ASSIGNMENT –
The range runs from the line containing "Texas Champions Graphic" through the last line of the material below; retype it exactly, leaving out the pictures.

MATERIAL SHOWN –
········

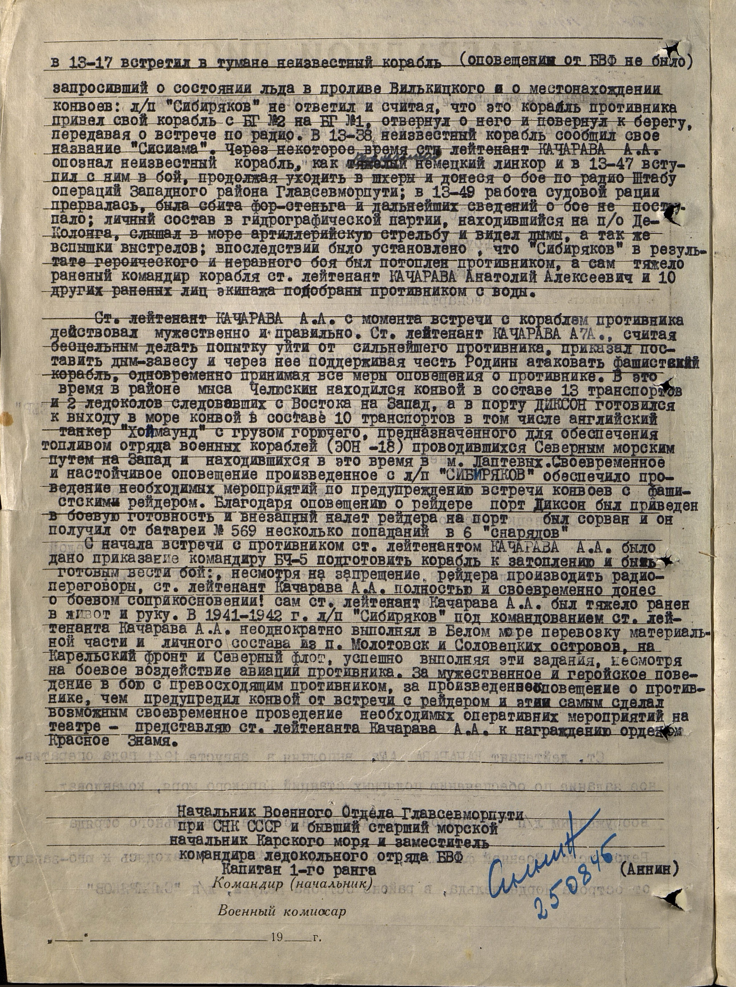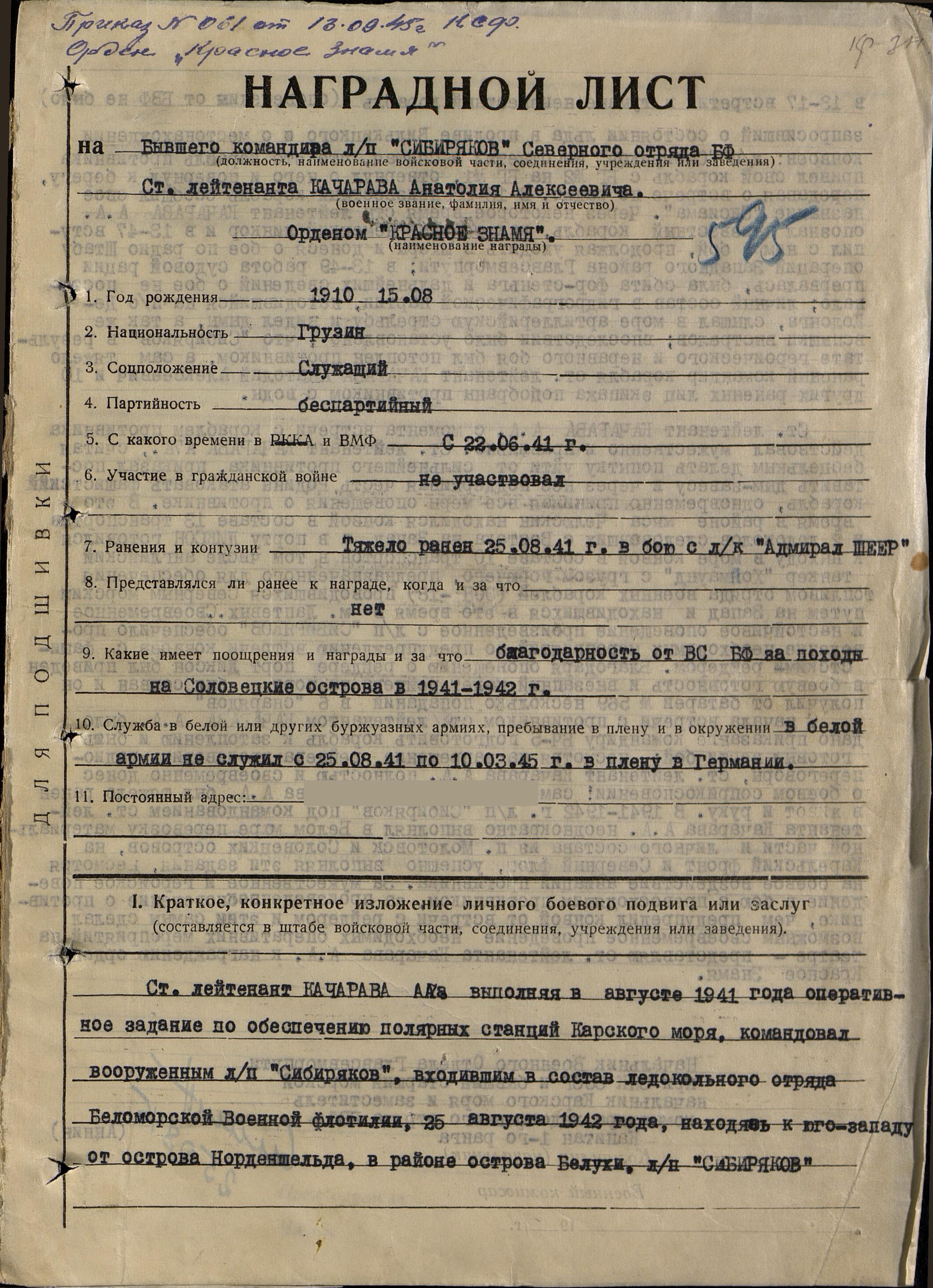 …В 1950 году мне пришлось проходить практику на ледокольном пароходе «Леваневский», названном в честь отважного полярного летчика. Капитаном был А.А. Качарава. В Великую Отечественную войну он командовал ледокольным пароходом «Сибиряков». В ходе неравного боя с фашистским крейсером «Адмирал Шеер» недалеко от острова Белуха в Карском море пароход был потоплен, но радист успел сообщить о грозящей опасности на остров Диксон. Многие из команды погибли. Раненный капитан был подобран фашистами из воды и пленен. Только одному из уцелевших удалось избежать плена – Павлу Вавилову, который сумел доплыть до острова Белуха и около месяца питался отрубями (мешок прибило волной к берегу), пока не пришла помощь. А.А. Качараве (?! – С.Ш.) в последствии было присвоено звание Героя Социалистического Труда, мы с ним вместе работали на ледоколе «Ермак». Каждый раз, когда «Леваневский» проходил мимо острова Белуха, капитан А.А. Качарава и три сибиряковца из рядового состава одевались в парадную форму, поднимались на мостик, выстраивались в шеренгу, отдавая честь погибшему кораблю и погибшим товарищам. Басовитый троекратный продолжительный гудок возвещал о том, что уцелевшие товарищи живы и пришли вспомнить о своих боевых товарищах.
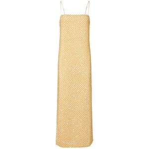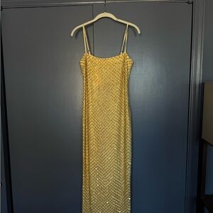 (NWT) The Petra maxi dress is elegance - a clean, column silhouette, the chiffon body is hand-beaded with a mix of glass bugle beads and paillettes in an intricate netted pattern. Finished with adjustable straps, a square neckline, and a hidden side zipper. #wedding #dress #guest
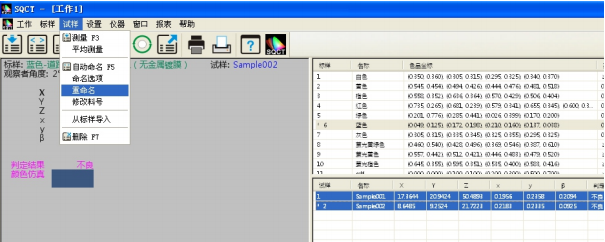 同時可以通過“試樣->重命名/删除”對測試試樣進行重命名和删除操作。
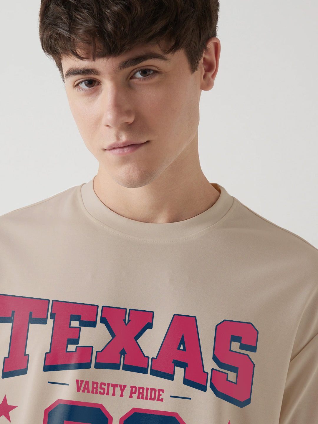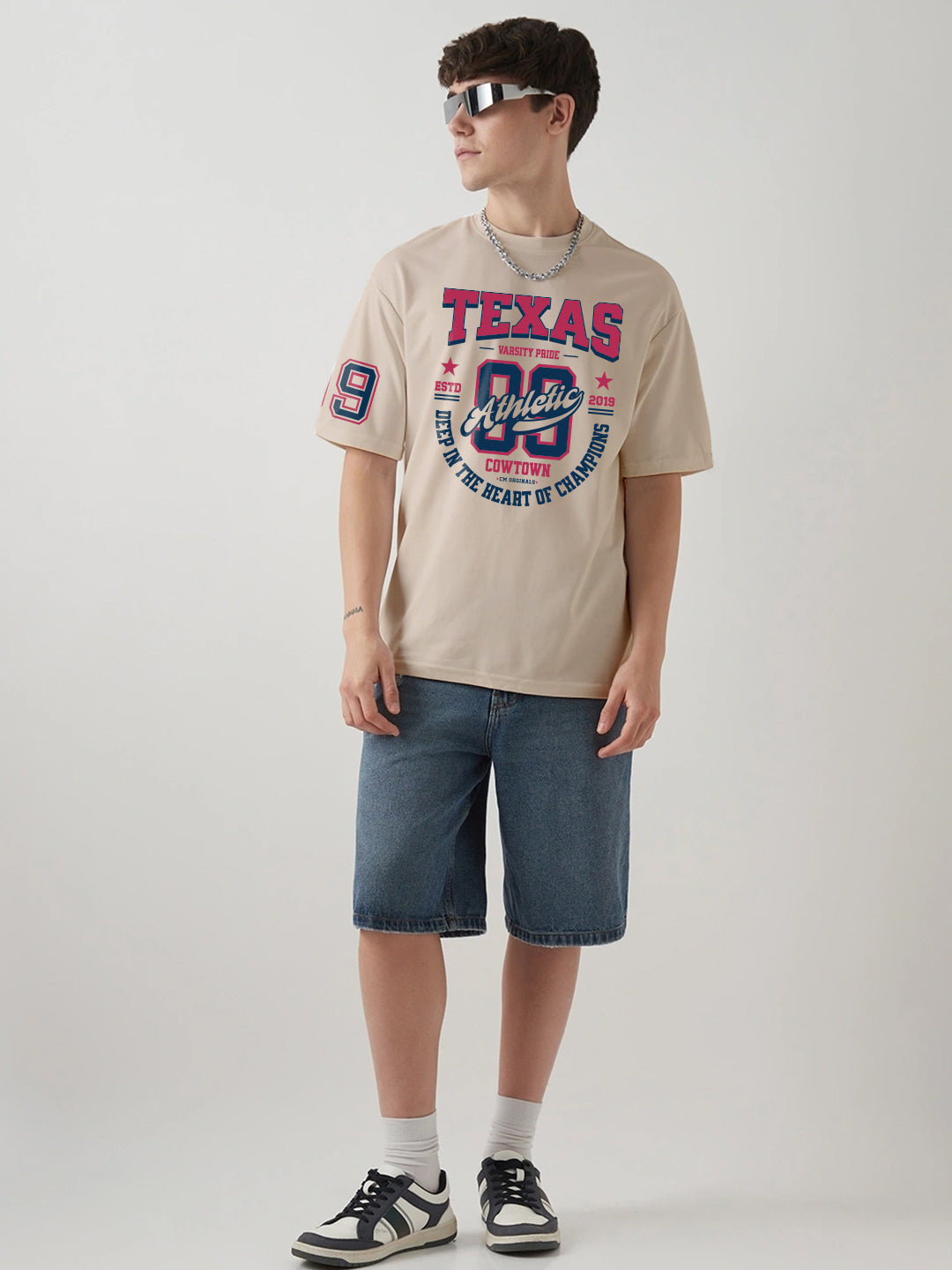 Texas Champions Graphic Printed Oversized T-Shirt - Cream
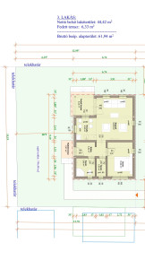 Az ingatlanok kialakítása megegyezik, méretük 62 m2. Felosztásuk a következő:
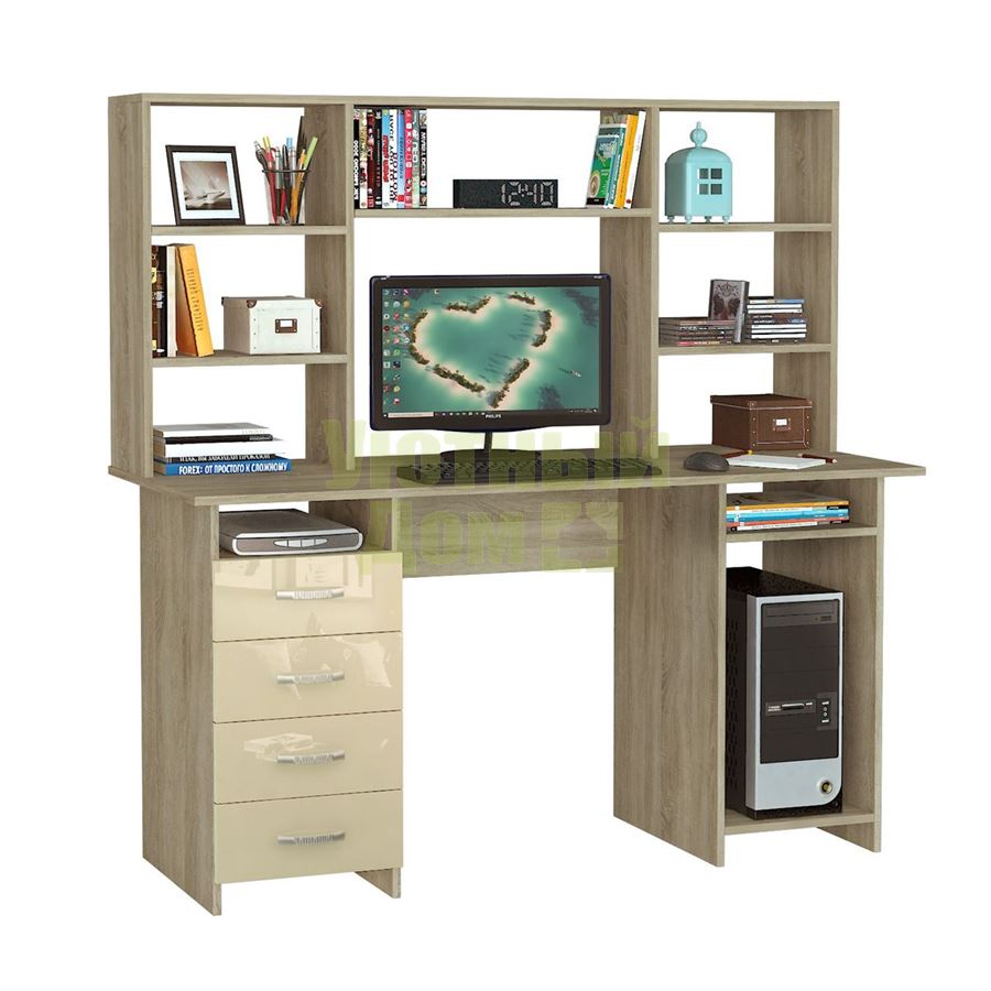 Купить Стол компьютерный Милан-6 Глянец, с надставкой дуб сонома / бежевый

········

ANSWER AREA –
 Texas Champions Graphic Printed Oversized T-Shirt - Cream
 Az ingatlanok kialakítása megegyezik, méretük 62 m2. Felosztásuk a következő:
 Купить Стол компьютерный Милан-6 Глянец, с надставкой дуб сонома / бежевый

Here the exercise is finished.